START Source material

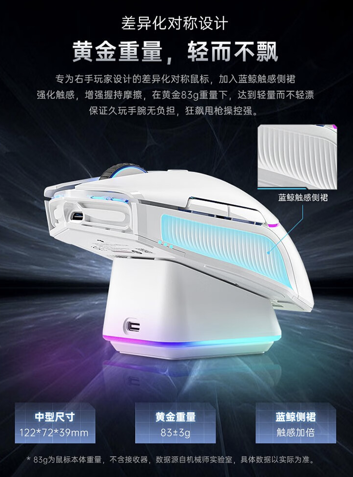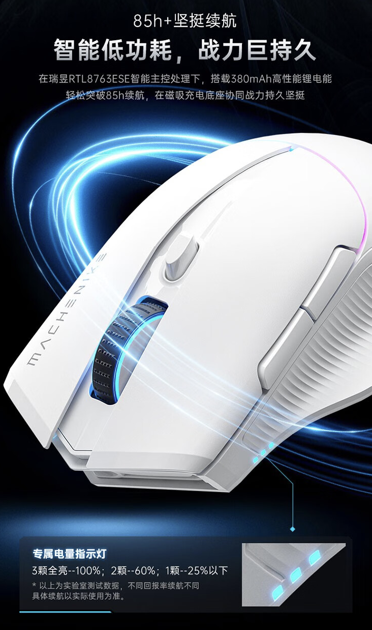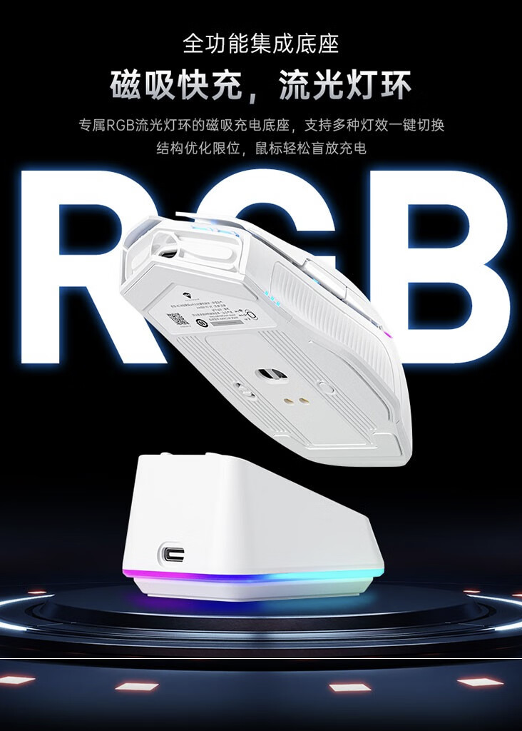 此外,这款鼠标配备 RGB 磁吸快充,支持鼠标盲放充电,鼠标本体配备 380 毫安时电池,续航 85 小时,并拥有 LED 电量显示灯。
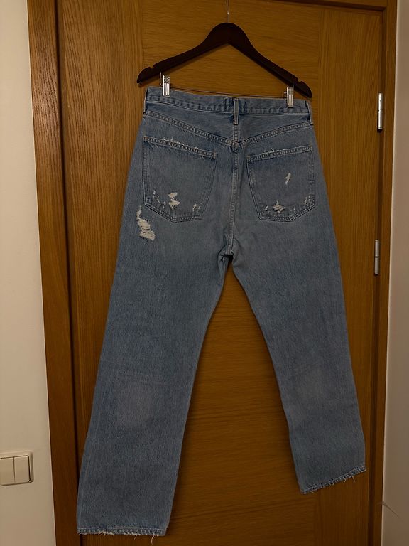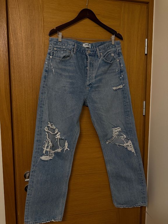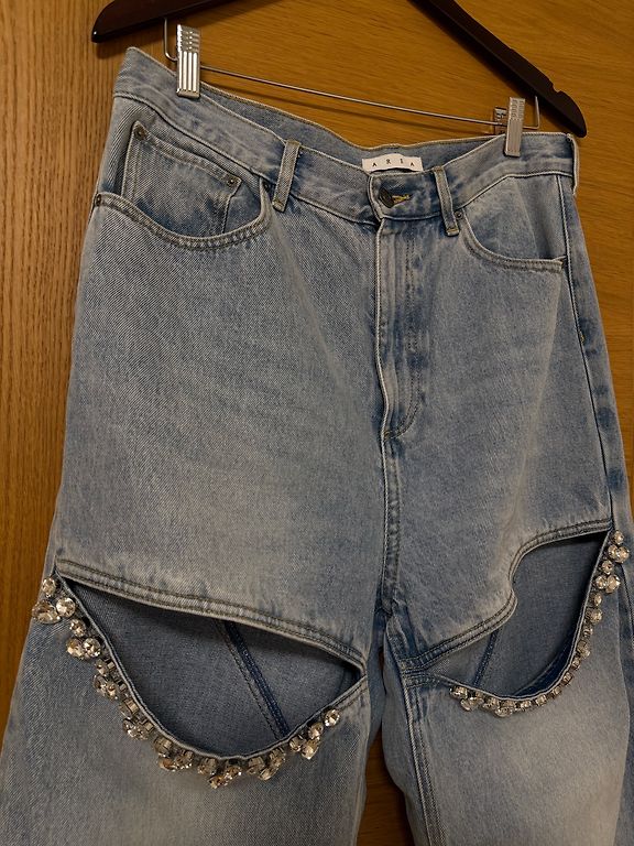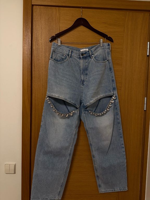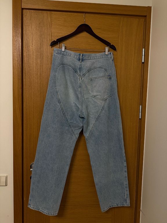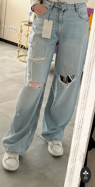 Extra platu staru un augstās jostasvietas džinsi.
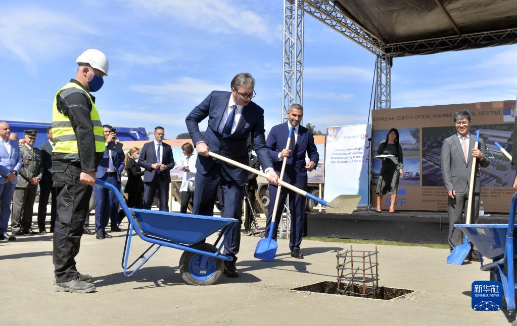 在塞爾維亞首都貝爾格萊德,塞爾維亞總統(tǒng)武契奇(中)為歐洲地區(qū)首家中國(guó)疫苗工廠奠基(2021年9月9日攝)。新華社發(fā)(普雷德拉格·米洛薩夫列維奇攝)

END Source material

**Task to carry out**.
Print the whole listing exactly. No pictures belong in the copy.

**Problem solution**.
 此外,这款鼠标配备 RGB 磁吸快充,支持鼠标盲放充电,鼠标本体配备 380 毫安时电池,续航 85 小时,并拥有 LED 电量显示灯。
 Extra platu staru un augstās jostasvietas džinsi.
 在塞爾維亞首都貝爾格萊德,塞爾維亞總統(tǒng)武契奇(中)為歐洲地區(qū)首家中國(guó)疫苗工廠奠基(2021年9月9日攝)。新華社發(fā)(普雷德拉格·米洛薩夫列維奇攝)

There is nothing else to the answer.